It’s a strange world when you can’t trust a conservative UK government to defend the global interests of the City of London.
And that’s why the financial industry isn’t bothering to wait for talks between Prime Minister David Cameron and his European partners to state clearly on which side it will stand on a referendum on the UK’s European Union membership: a resounding, unqualified “yes” for staying in, whatever the outcome of London’s attempt to reform the way Europe works.
The arguments all center around one overwhelming reality: In the last decades, London has become a global financial center, rivaling Wall Street — but it could only do so because it is first and foremost Europe’s financial capital.
Take the City out of Europe, and there won’t be much left of its current global luster, warn London-based bankers, asset and fund managers and insurers.

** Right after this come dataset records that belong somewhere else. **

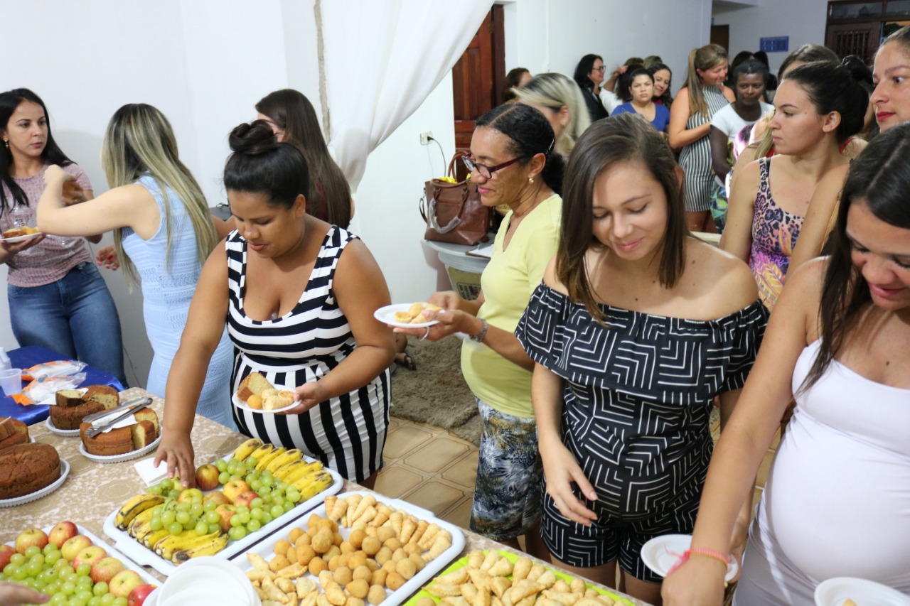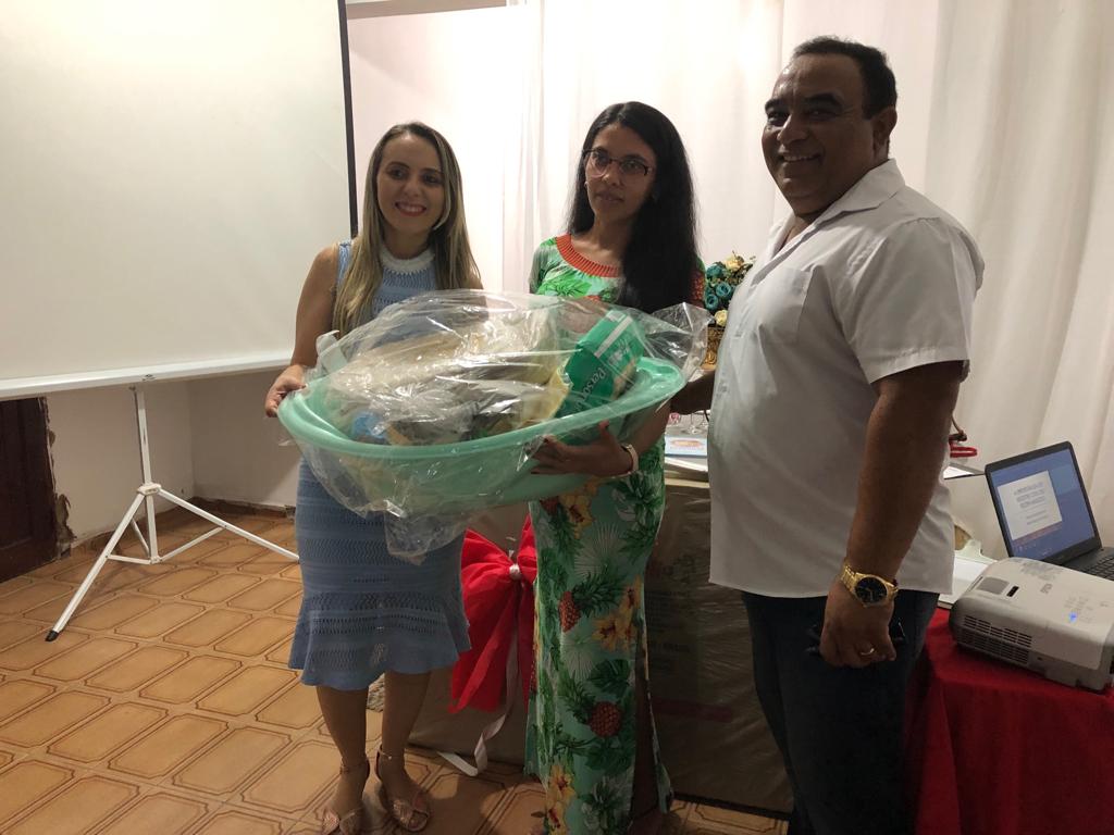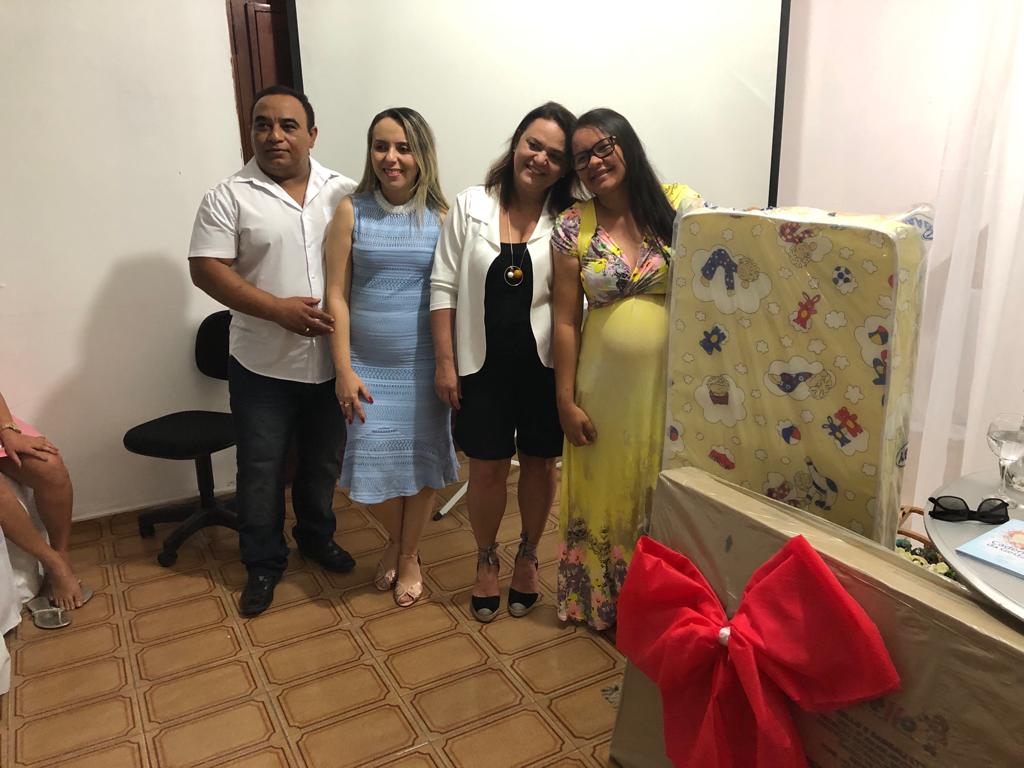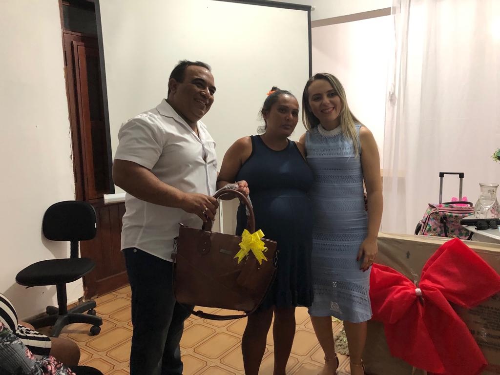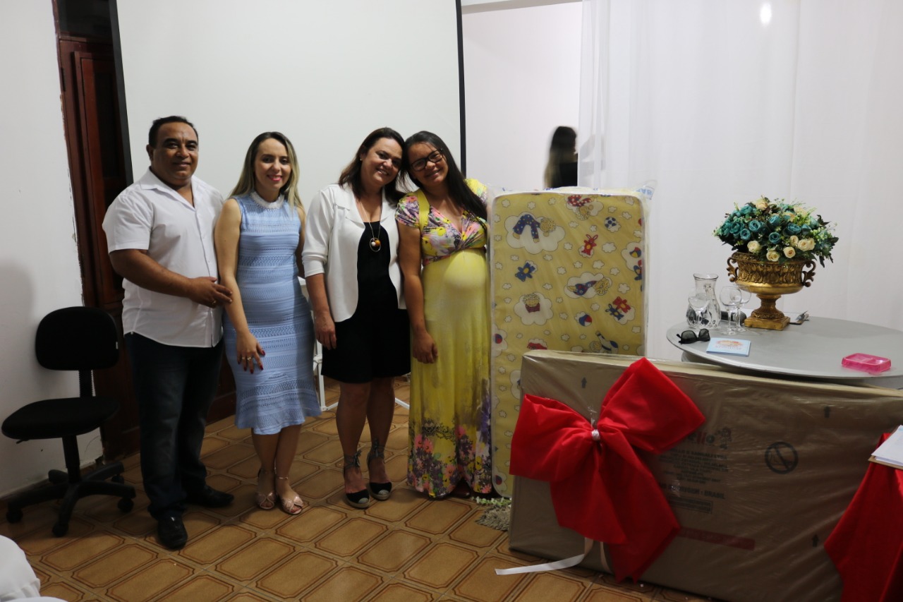 A Secretária de Ação Social Claudiana Alves e o Prefeito Marcos Eron realizaram a entrega de kits às gestantes, sorteios de brindes, berço, além de servir o café da tarde.
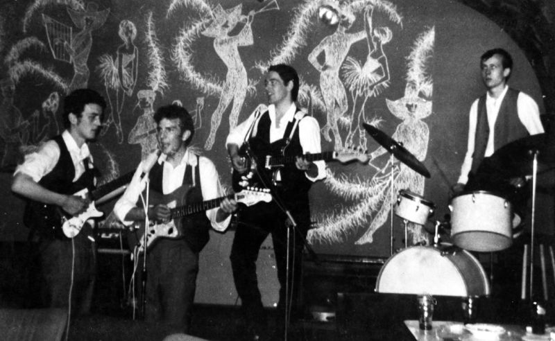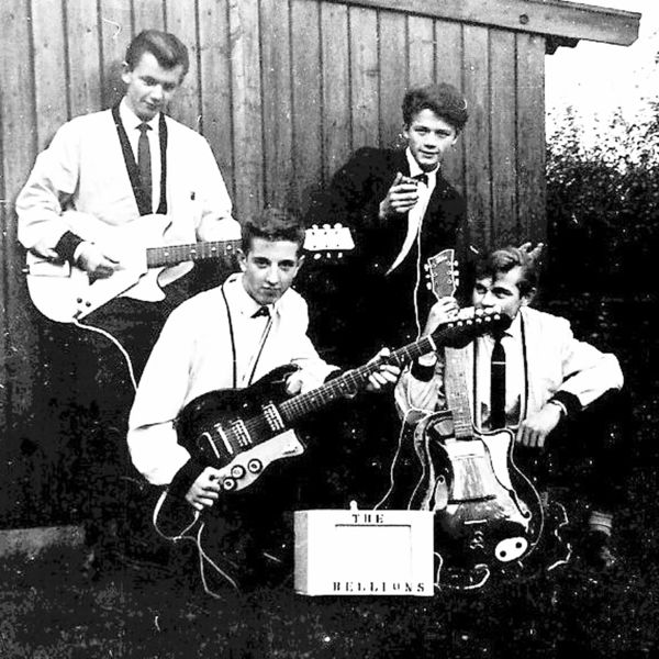 Orkesten uit de jaren zestig van de twintigste eeuw. The Hellions. Het zijn staand links Frits Achten, staand rechts John Derks, hurkend links John Gubbels en rechts hurkend Jack Linssen. |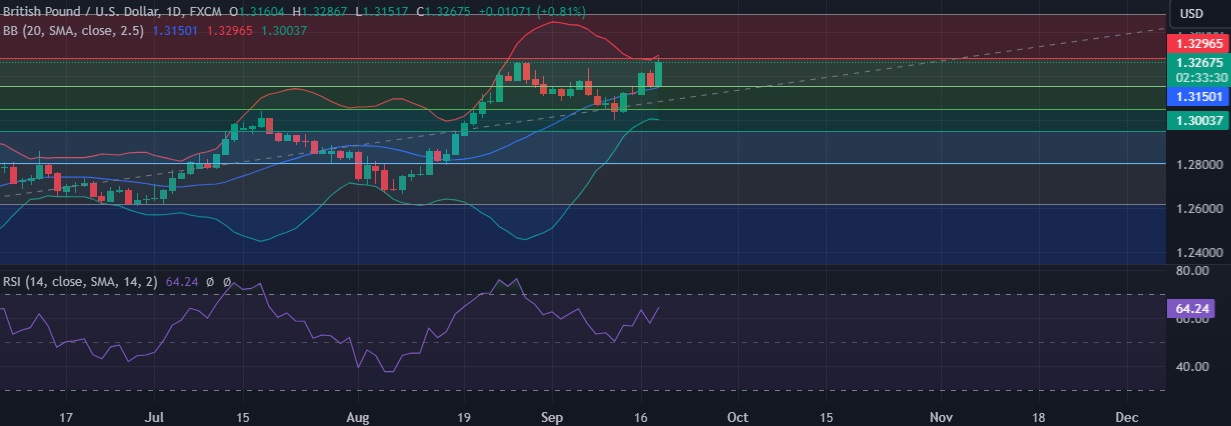 • At GMT 18:23, the pair was trading up0.82% at 1.3270, highest level 27th August.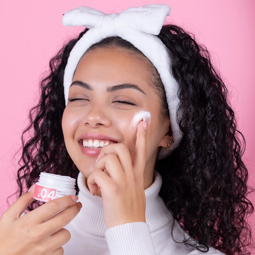 Step 4: Apply moisturizer after your eye cream. Apply a coin-sized amount of the cream to your face, neck and décolletage and gently massage in to your skin. Use AM + PM, as the final step in your routine.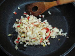 【作り方】 1:リンゴペーストを作る 材料Aのリンゴ、ショウガ、ニンニクのそれぞれをみじん切りにして、油をひいたフライパンで炒める。 |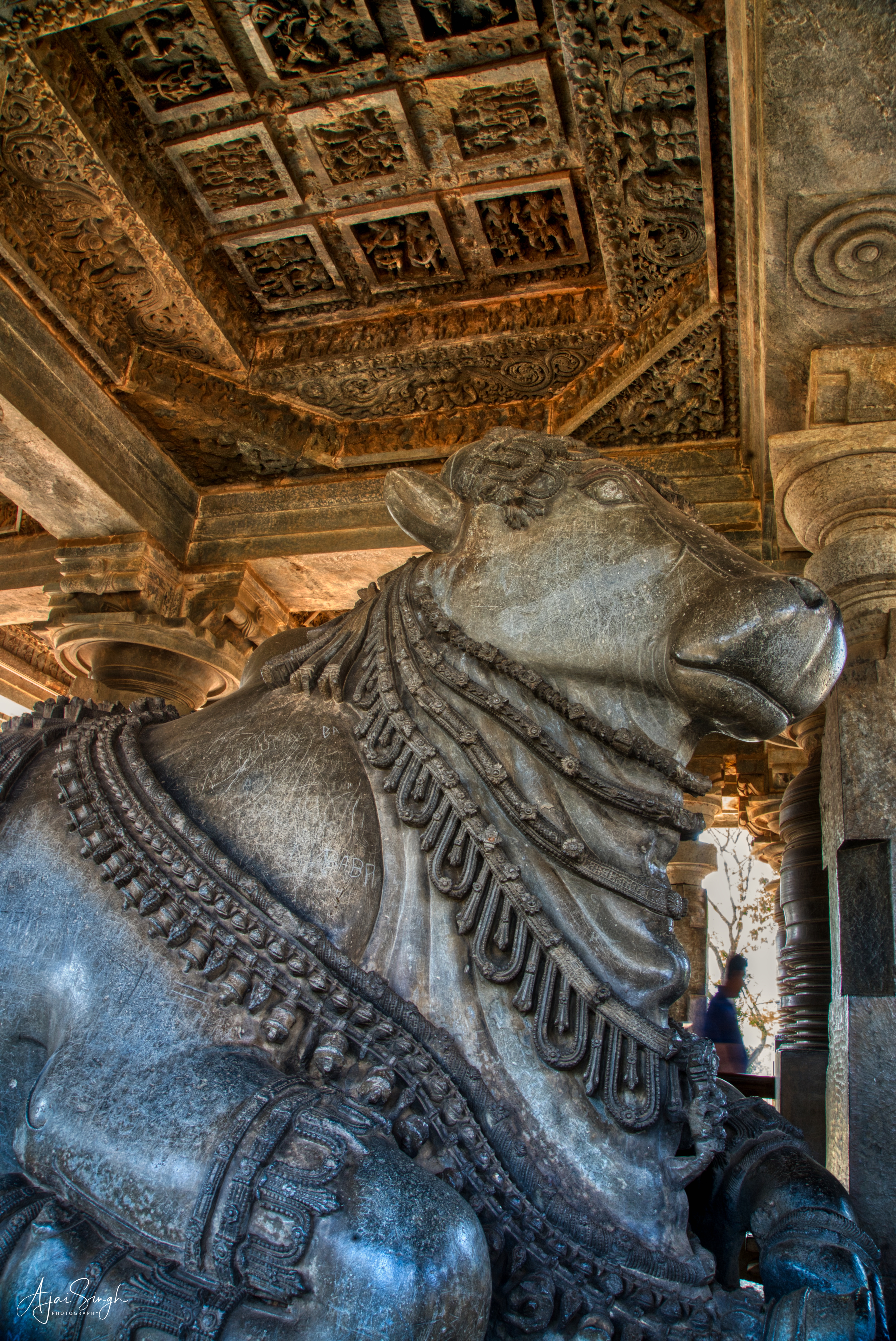 Monolithic Nandi in the southern entrance facing the Hoysaleshwara Shiva Linga - 40

“Brexit” supporters say the fears are overblown, and there might be a way for London-as-financial-center to prosper outside the EU. But the overwhelming feeling among business circles, across all industrial sectors, is that it would severely hit the British economy.
“Of course the EU needs to reform, but even right now, the benefits of membership for the UK hugely outweigh the disadvantages,” says Andy Bagnall, campaigns director at the Confederation of British Industry, the UK’s employers federation. Sir Mike Rake, the CBI president, recently made a speech asking UK businessmen to enter the fray by “being crystal clear that membership is in [the] national interest.”